## TASK REQUIREMENTS
Although pictures appear in the data, the answer should contain only the lines from its start through the line with "সিরাজগঞ্জে পরিযায়ী পাখি/জীববৈচিত্র", written out exactly.

## INPUT RECORDS
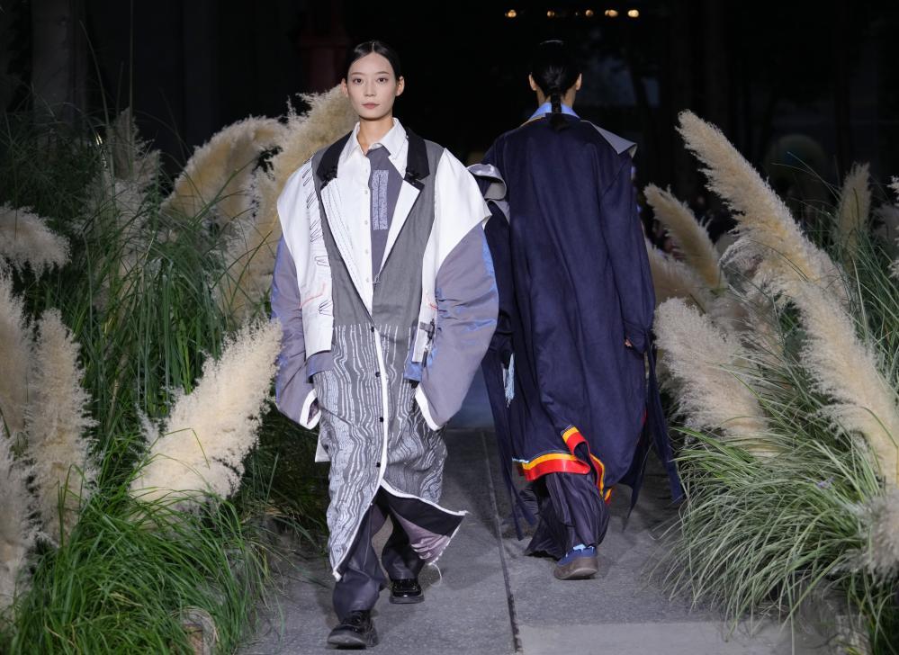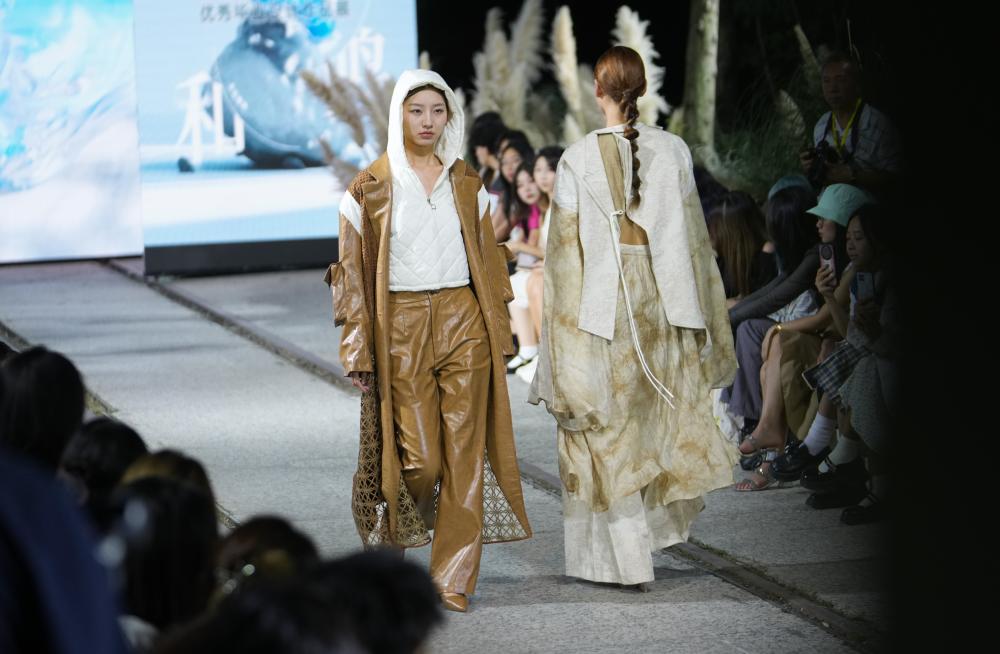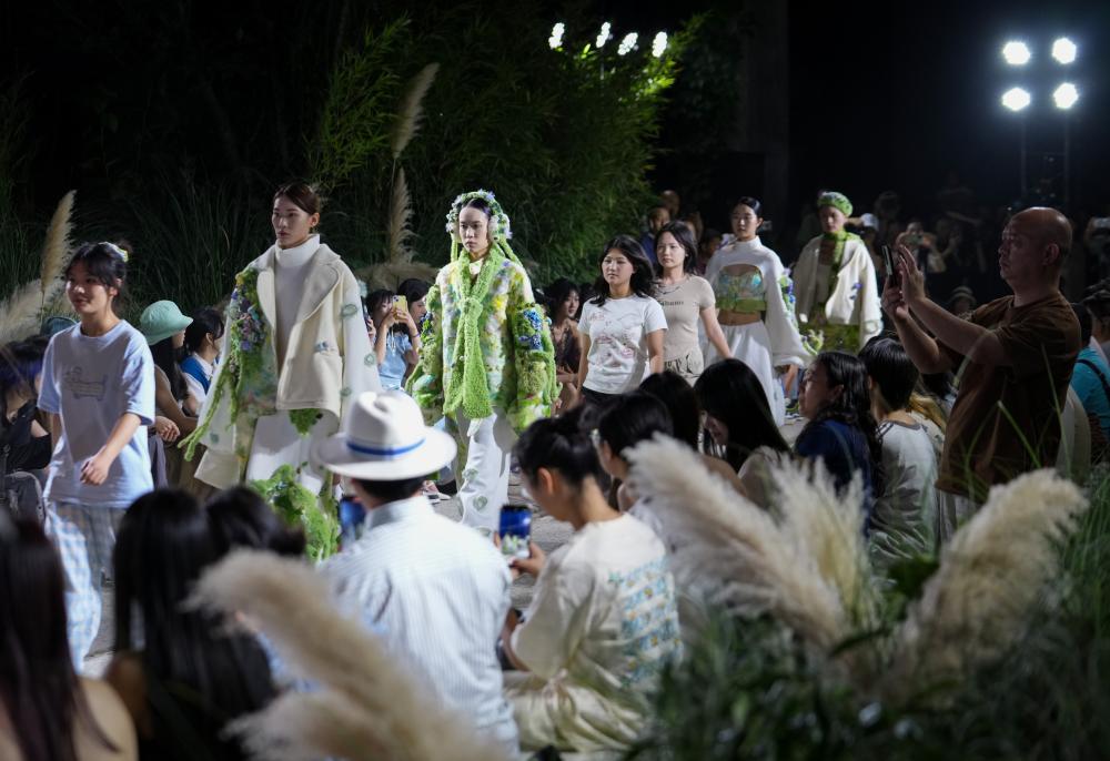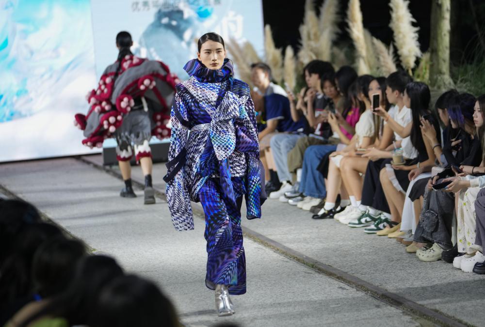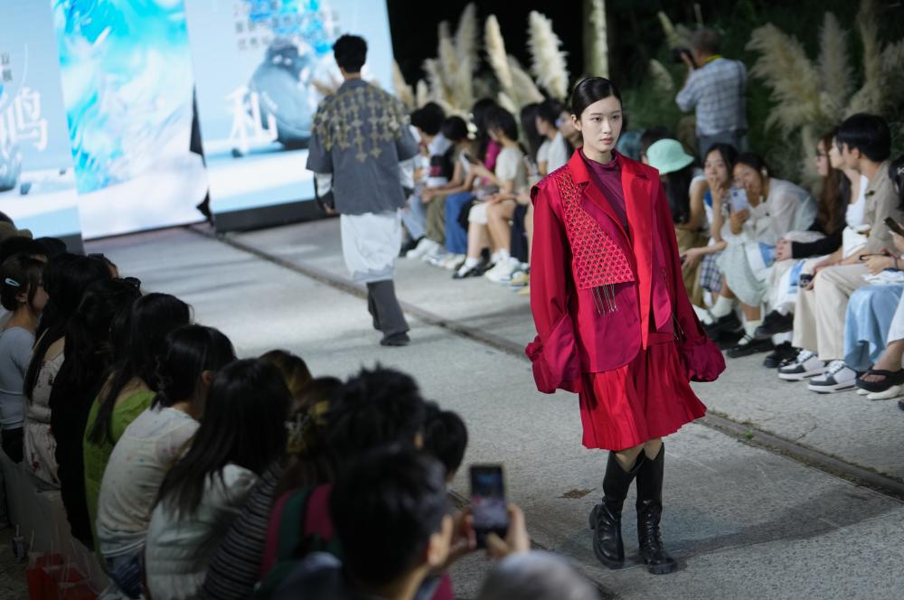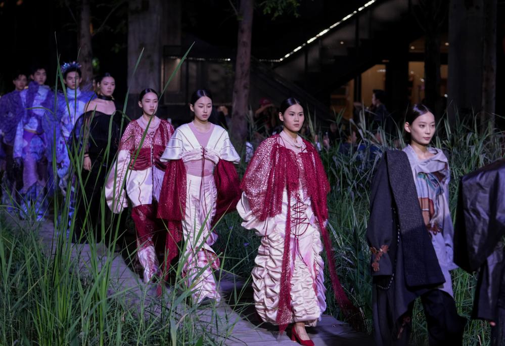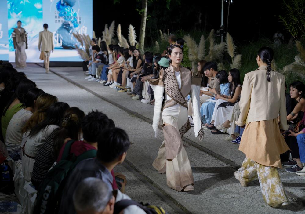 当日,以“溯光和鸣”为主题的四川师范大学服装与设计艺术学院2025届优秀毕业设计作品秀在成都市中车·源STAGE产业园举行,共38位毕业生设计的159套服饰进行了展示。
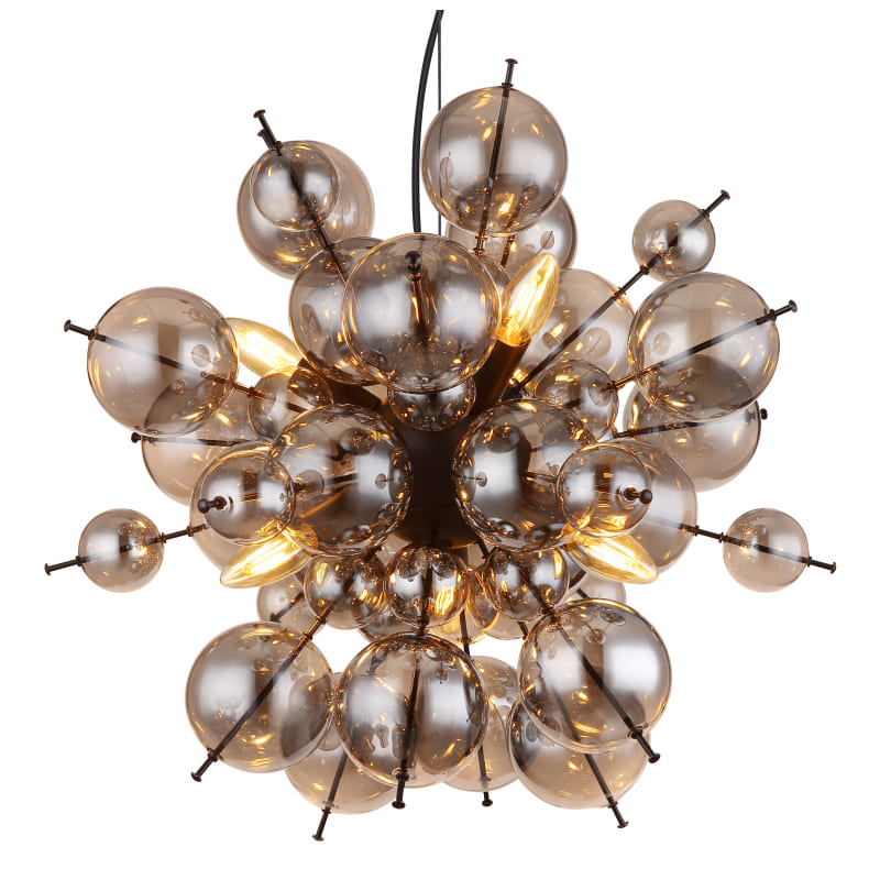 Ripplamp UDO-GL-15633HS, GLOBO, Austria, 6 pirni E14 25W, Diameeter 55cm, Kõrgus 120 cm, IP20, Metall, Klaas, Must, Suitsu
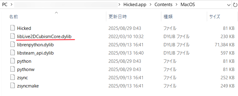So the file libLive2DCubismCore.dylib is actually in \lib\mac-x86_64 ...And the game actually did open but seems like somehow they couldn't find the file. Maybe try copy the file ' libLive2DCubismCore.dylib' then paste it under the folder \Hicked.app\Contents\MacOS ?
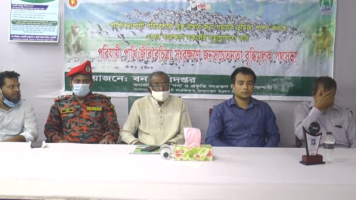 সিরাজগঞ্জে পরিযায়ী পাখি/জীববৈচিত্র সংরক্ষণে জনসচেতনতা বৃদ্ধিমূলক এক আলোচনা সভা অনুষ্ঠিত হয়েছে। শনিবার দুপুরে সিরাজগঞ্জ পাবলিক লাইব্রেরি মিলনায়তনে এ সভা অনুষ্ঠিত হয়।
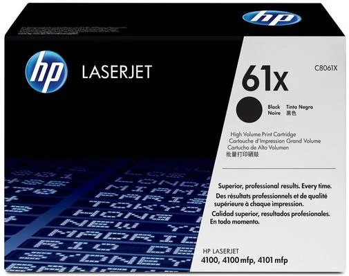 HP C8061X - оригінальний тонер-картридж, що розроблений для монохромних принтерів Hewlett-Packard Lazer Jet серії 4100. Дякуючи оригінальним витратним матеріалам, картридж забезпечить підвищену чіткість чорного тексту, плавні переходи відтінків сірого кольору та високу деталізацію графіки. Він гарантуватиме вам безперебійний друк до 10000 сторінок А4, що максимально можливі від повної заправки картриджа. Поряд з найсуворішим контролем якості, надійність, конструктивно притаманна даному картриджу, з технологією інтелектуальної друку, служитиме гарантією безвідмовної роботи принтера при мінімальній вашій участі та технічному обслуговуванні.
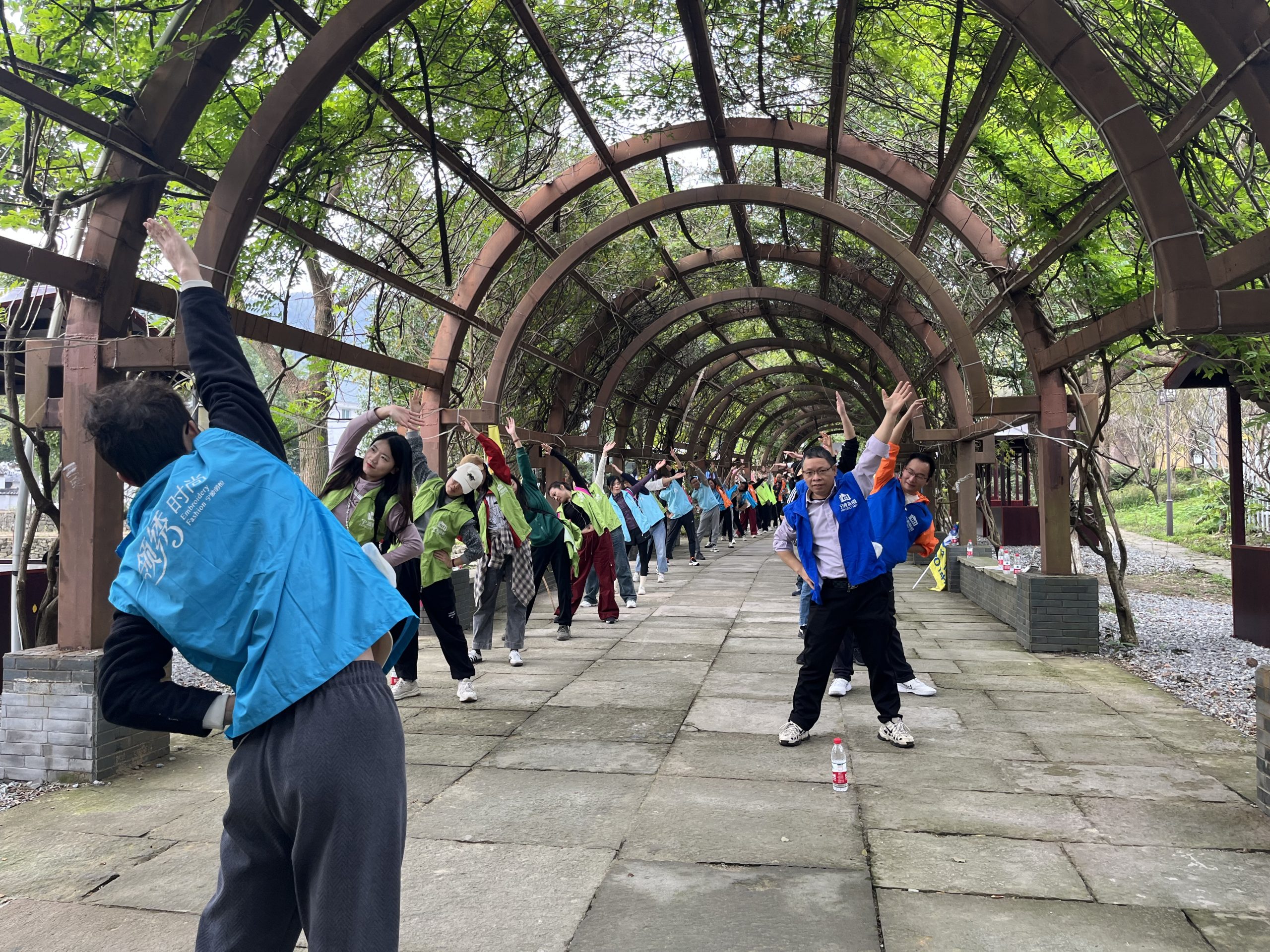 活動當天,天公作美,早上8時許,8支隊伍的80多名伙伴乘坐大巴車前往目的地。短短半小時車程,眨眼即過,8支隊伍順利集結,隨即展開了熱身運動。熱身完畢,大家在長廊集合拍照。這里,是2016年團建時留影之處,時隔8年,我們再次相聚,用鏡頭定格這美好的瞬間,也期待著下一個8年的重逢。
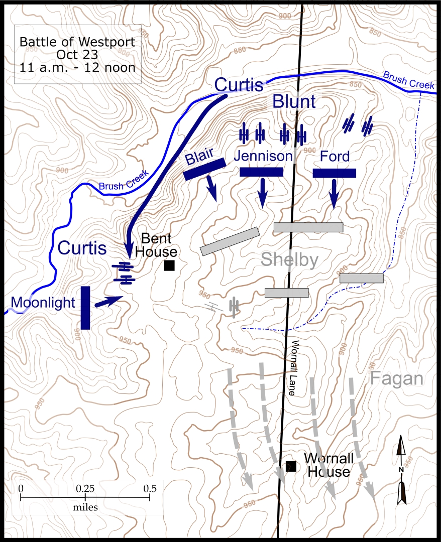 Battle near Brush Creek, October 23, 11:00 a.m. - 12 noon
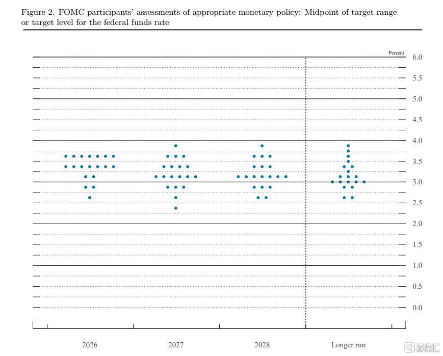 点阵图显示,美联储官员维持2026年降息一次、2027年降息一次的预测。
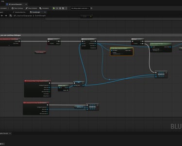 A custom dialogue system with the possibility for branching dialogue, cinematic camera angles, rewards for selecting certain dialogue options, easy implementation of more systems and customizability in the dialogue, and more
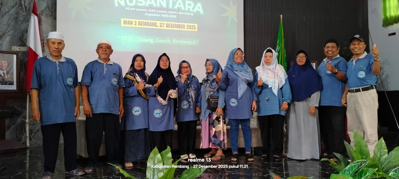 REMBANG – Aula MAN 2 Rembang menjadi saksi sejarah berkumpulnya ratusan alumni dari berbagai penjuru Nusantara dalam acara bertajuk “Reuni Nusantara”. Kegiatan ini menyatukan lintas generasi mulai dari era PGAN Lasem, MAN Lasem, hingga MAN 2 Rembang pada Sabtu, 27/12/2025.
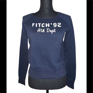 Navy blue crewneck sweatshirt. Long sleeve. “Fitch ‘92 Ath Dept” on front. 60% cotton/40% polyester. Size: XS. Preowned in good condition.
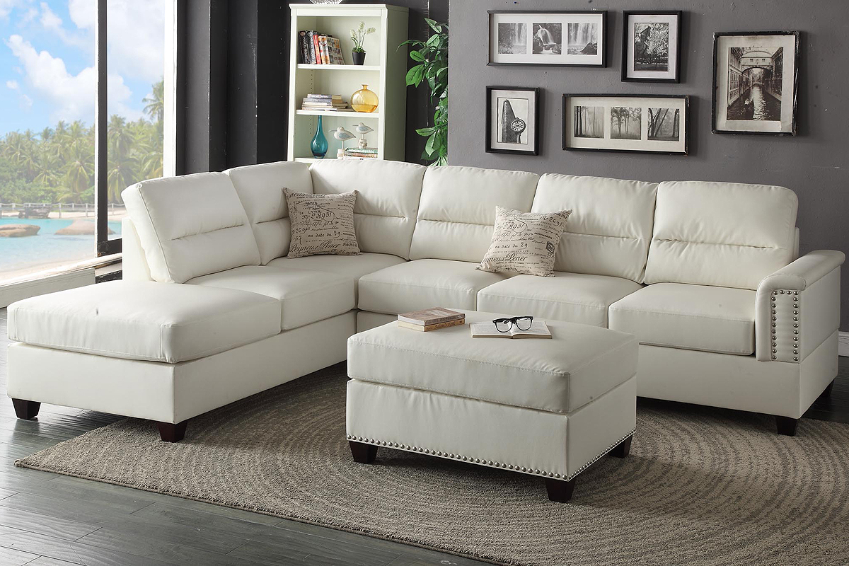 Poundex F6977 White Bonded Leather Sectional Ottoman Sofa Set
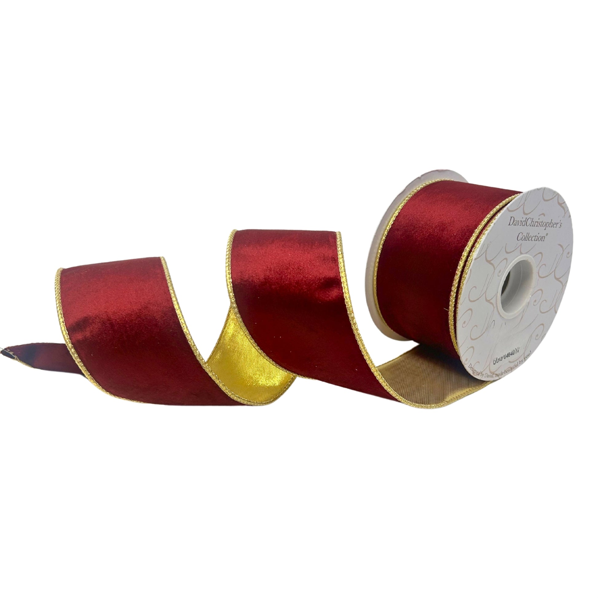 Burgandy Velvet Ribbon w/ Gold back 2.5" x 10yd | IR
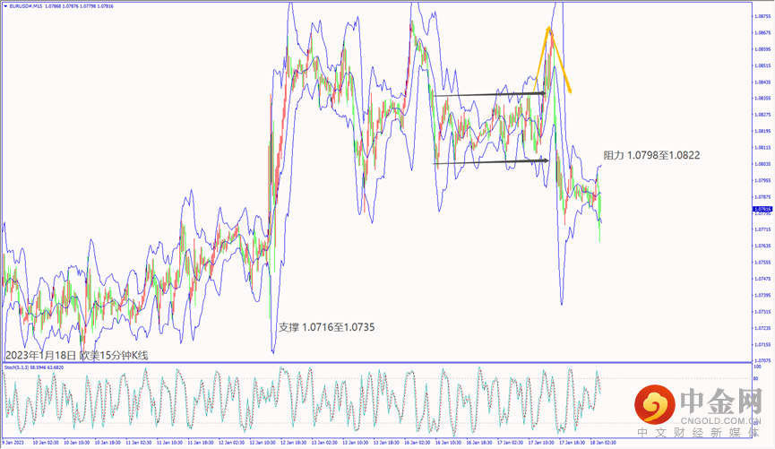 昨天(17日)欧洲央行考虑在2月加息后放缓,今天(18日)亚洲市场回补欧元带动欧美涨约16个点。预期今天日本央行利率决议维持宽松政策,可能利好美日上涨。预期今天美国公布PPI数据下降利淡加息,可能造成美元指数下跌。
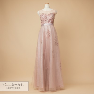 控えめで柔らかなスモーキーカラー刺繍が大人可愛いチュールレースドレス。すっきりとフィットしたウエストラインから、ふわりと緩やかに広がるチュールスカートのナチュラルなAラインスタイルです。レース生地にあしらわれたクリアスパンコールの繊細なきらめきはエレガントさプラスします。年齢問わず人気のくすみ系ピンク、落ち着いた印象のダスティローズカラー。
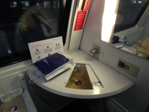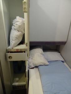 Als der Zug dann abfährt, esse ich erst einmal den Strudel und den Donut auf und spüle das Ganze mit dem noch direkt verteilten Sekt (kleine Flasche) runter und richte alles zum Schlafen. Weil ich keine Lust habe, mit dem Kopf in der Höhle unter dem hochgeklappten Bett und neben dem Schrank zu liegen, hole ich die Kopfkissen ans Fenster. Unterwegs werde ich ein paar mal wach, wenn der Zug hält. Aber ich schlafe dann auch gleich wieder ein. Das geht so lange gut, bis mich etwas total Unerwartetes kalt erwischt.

## RESPONSE
 当日,以“溯光和鸣”为主题的四川师范大学服装与设计艺术学院2025届优秀毕业设计作品秀在成都市中车·源STAGE产业园举行,共38位毕业生设计的159套服饰进行了展示。
 Ripplamp UDO-GL-15633HS, GLOBO, Austria, 6 pirni E14 25W, Diameeter 55cm, Kõrgus 120 cm, IP20, Metall, Klaas, Must, Suitsu
So the file libLive2DCubismCore.dylib is actually in \lib\mac-x86_64 ...And the game actually did open but seems like somehow they couldn't find the file. Maybe try copy the file ' libLive2DCubismCore.dylib' then paste it under the folder \Hicked.app\Contents\MacOS ?
 সিরাজগঞ্জে পরিযায়ী পাখি/জীববৈচিত্র সংরক্ষণে জনসচেতনতা বৃদ্ধিমূলক এক আলোচনা সভা অনুষ্ঠিত হয়েছে। শনিবার দুপুরে সিরাজগঞ্জ পাবলিক লাইব্রেরি মিলনায়তনে এ সভা অনুষ্ঠিত হয়।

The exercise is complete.